If pictures appear in the lines below, skip them and copy exactly the lines from the one containing "כשאנחנו מבקשים מחמו" through the one containing "في فصل الصيف", and nothing else.
(PROVIDED DATA Opens)
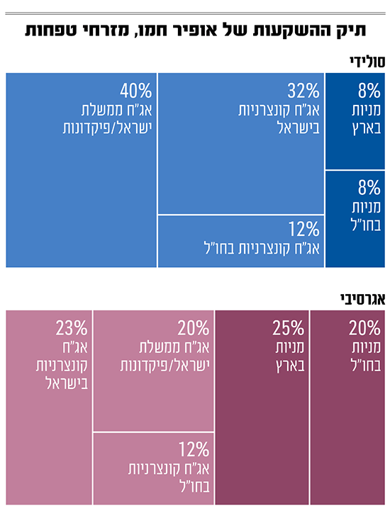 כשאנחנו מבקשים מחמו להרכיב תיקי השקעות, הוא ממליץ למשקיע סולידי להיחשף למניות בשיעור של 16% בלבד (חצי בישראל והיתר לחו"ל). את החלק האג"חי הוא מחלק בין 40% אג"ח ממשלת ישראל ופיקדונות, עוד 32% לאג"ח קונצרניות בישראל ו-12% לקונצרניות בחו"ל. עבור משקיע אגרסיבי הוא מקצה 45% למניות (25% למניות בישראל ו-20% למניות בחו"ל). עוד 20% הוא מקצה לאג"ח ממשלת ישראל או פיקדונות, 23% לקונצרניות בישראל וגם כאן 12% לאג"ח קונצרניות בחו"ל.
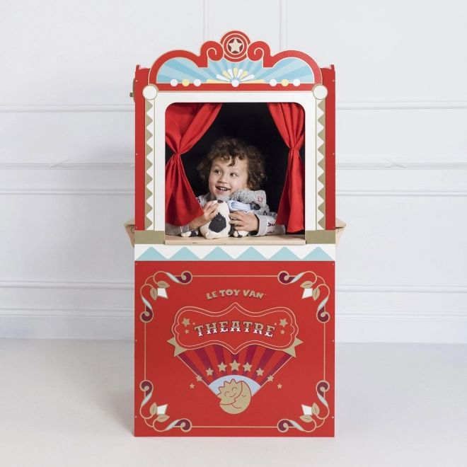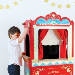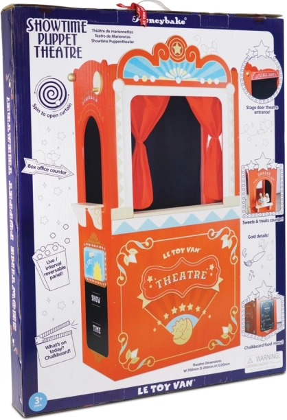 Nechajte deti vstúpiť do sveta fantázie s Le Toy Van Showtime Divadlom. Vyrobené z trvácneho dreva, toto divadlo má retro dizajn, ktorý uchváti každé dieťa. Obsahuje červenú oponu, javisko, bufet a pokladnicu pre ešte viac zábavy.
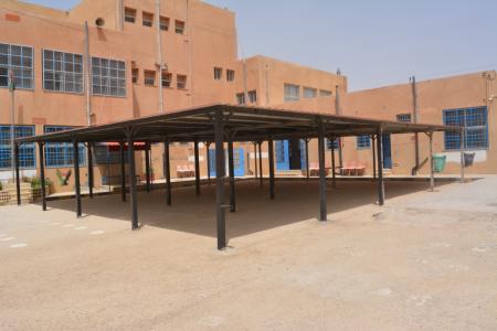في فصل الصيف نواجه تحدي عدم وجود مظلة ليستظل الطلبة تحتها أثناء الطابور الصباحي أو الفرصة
(PROVIDED DATA Closes)
(PROVIDED DATA Opens)
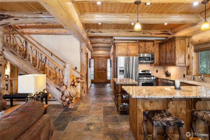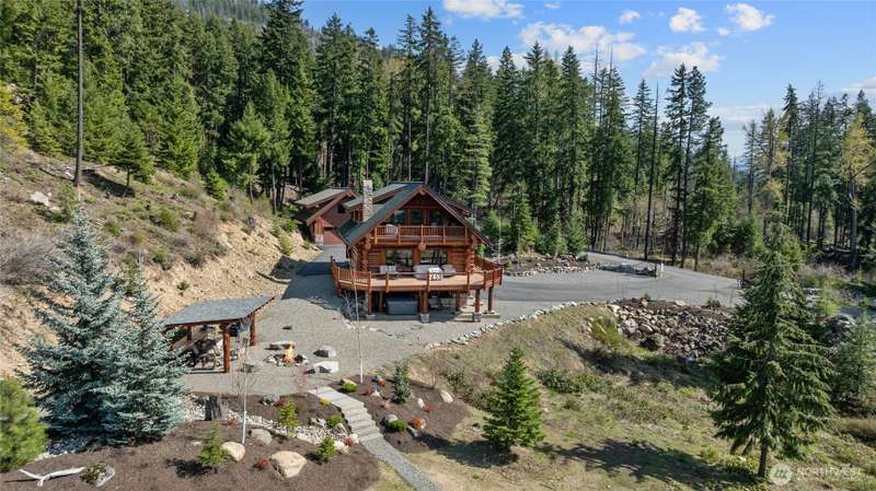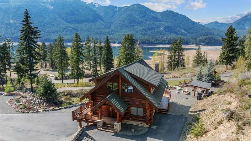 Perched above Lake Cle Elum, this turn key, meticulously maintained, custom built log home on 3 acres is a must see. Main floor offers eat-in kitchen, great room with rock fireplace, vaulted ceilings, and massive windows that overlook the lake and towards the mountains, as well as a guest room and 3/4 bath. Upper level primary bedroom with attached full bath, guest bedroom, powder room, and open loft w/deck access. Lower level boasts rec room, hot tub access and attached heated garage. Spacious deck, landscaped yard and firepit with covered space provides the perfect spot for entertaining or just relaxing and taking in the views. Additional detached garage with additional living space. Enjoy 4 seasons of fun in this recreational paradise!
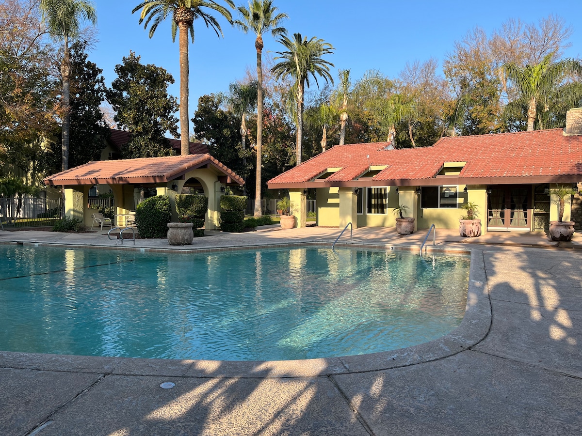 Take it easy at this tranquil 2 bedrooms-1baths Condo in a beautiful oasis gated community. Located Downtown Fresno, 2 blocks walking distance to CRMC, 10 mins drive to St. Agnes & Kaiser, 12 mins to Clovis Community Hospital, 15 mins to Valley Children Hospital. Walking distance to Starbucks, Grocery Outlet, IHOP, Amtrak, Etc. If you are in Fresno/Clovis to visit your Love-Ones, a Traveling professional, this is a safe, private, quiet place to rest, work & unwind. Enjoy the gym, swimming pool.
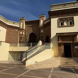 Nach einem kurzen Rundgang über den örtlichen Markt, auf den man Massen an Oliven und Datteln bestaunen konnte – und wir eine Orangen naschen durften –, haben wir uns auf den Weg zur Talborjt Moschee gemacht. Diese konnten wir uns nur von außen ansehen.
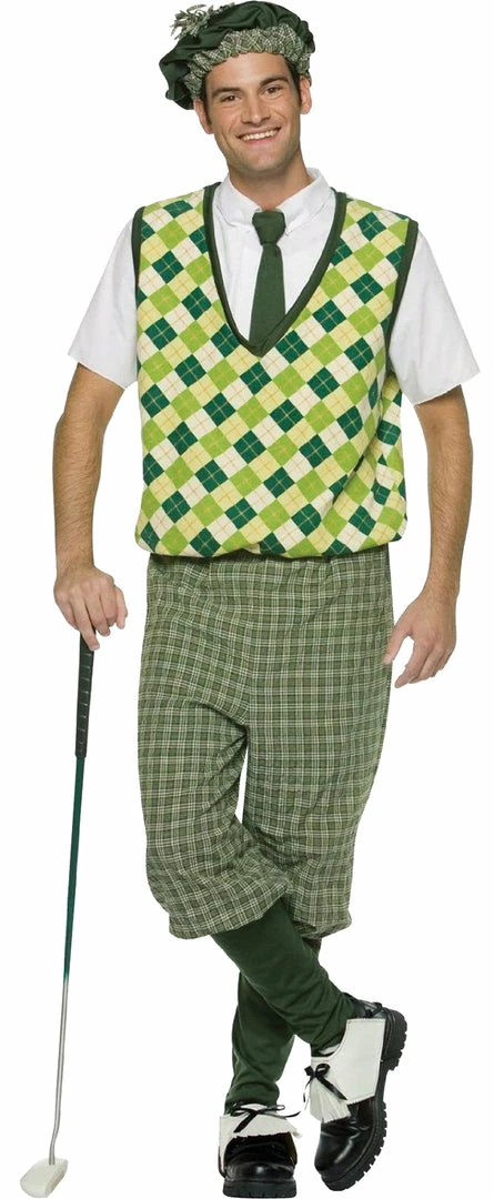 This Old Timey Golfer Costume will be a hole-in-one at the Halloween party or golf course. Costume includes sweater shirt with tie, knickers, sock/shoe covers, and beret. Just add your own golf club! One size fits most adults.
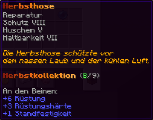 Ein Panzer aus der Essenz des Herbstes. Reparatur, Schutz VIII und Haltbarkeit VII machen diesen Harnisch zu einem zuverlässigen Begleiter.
(PROVIDED DATA Closes)
(PROVIDED DATA Opens)
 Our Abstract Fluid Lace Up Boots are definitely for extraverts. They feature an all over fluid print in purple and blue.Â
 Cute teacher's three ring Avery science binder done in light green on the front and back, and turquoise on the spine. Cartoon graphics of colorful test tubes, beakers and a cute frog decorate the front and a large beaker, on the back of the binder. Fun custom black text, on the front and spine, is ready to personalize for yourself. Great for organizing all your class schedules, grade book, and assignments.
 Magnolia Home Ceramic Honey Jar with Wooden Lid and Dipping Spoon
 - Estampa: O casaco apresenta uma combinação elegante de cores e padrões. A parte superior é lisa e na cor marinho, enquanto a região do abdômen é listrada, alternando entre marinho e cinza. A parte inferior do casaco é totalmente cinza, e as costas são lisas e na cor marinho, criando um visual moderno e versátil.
(PROVIDED DATA Closes)
SOLUTION
 כשאנחנו מבקשים מחמו להרכיב תיקי השקעות, הוא ממליץ למשקיע סולידי להיחשף למניות בשיעור של 16% בלבד (חצי בישראל והיתר לחו"ל). את החלק האג"חי הוא מחלק בין 40% אג"ח ממשלת ישראל ופיקדונות, עוד 32% לאג"ח קונצרניות בישראל ו-12% לקונצרניות בחו"ל. עבור משקיע אגרסיבי הוא מקצה 45% למניות (25% למניות בישראל ו-20% למניות בחו"ל). עוד 20% הוא מקצה לאג"ח ממשלת ישראל או פיקדונות, 23% לקונצרניות בישראל וגם כאן 12% לאג"ח קונצרניות בחו"ל.
 Nechajte deti vstúpiť do sveta fantázie s Le Toy Van Showtime Divadlom. Vyrobené z trvácneho dreva, toto divadlo má retro dizajn, ktorý uchváti každé dieťa. Obsahuje červenú oponu, javisko, bufet a pokladnicu pre ešte viac zábavy.
في فصل الصيف نواجه تحدي عدم وجود مظلة ليستظل الطلبة تحتها أثناء الطابور الصباحي أو الفرصة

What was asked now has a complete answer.